■ **INFORMATION SHOWN**:
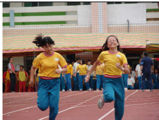
高年級 100 公尺競賽
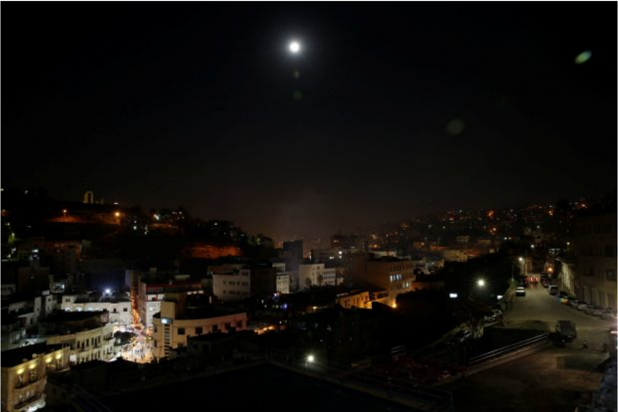
A super blue blood moon rise is seen in the sky of Jordanian capital Amman, January 31, 2018.
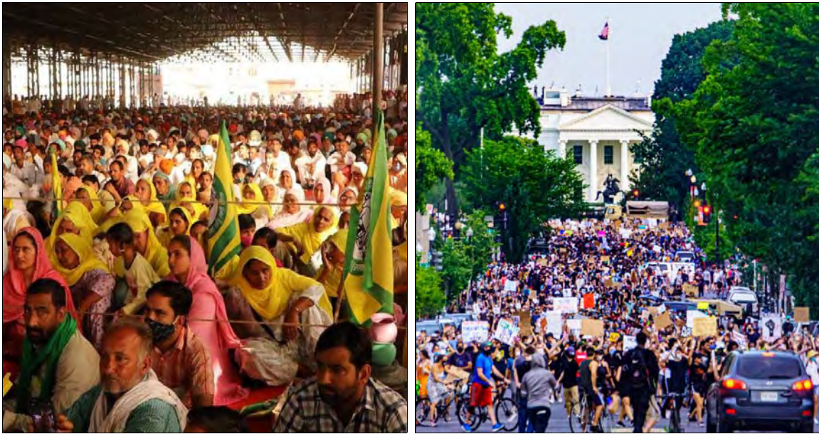
Les fermiers indiens tiennent un grand rassemblement ( mahapanchayat ) à Rajasthan le 13 mars 2021. À droite: manifestations contre le racisme et la brutalité et l'impunité policières à Washington le 3 juin 2020.

commettent également d'innombrables crimes contre l'humanité et Mère Nature. Cela veut dire que c'est à la classe ouvrière de tous les pays de se constituer en la nation et d'investir le peuple du pouvoir décisionnel souverain. Le peuple doit devenir celui qui fait l'histoire à son image, avec ses propres objectifs qui sont ceux de l'humanité. C'est l'objectif d'humaniser l'environnement naturel et social et de faire naître le Nouveau sur cette base.

■ **TASK DESCRIPTION**: Lines from the one with "Les fermiers indiens" through the last line above must be printed exactly; no other line is to appear.

■ **RESPONSE**:
Les fermiers indiens tiennent un grand rassemblement ( mahapanchayat ) à Rajasthan le 13 mars 2021. À droite: manifestations contre le racisme et la brutalité et l'impunité policières à Washington le 3 juin 2020.

commettent également d'innombrables crimes contre l'humanité et Mère Nature. Cela veut dire que c'est à la classe ouvrière de tous les pays de se constituer en la nation et d'investir le peuple du pouvoir décisionnel souverain. Le peuple doit devenir celui qui fait l'histoire à son image, avec ses propres objectifs qui sont ceux de l'humanité. C'est l'objectif d'humaniser l'environnement naturel et social et de faire naître le Nouveau sur cette base.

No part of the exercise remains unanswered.